Go through the listing below and retype exactly the lines starting at the one with "Giantz 5KM Solar" and ending at the one with "Hindupur (21 km)", skipping pictures.

BEGIN Records for the exercise

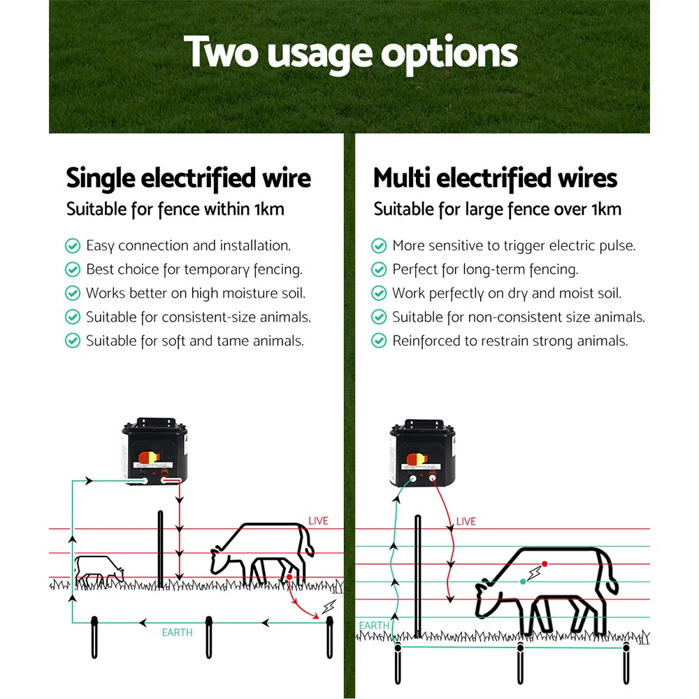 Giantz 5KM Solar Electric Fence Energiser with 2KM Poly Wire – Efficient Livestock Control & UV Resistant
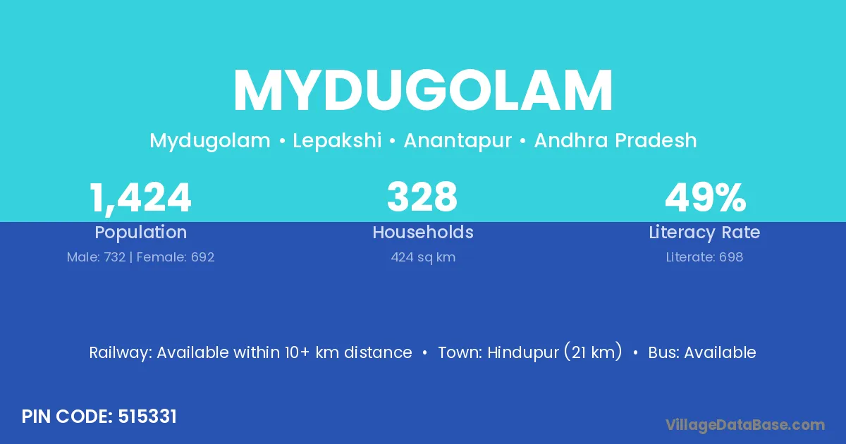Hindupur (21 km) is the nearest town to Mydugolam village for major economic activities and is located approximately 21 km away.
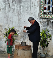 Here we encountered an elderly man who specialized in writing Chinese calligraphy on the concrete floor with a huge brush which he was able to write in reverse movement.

END Records for the exercise
BEGIN Records for the exercise

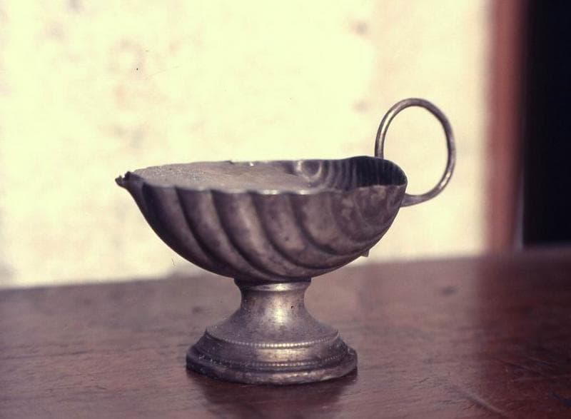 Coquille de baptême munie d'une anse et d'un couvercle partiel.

END Records for the exercise
BEGIN Records for the exercise

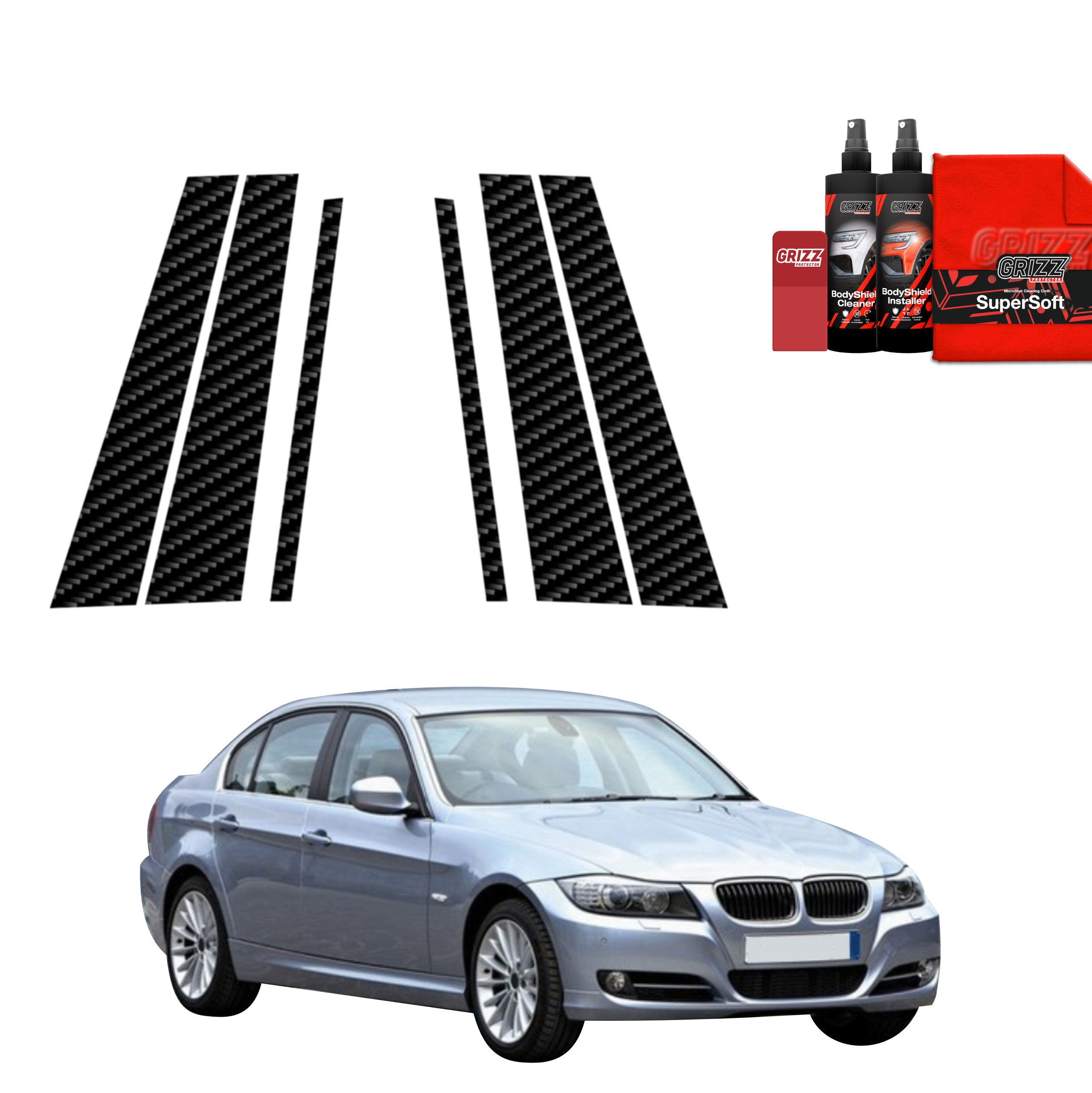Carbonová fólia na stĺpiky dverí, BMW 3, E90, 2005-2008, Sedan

END Records for the exercise

*Written reply*
 Giantz 5KM Solar Electric Fence Energiser with 2KM Poly Wire – Efficient Livestock Control & UV Resistant
Hindupur (21 km) is the nearest town to Mydugolam village for major economic activities and is located approximately 21 km away.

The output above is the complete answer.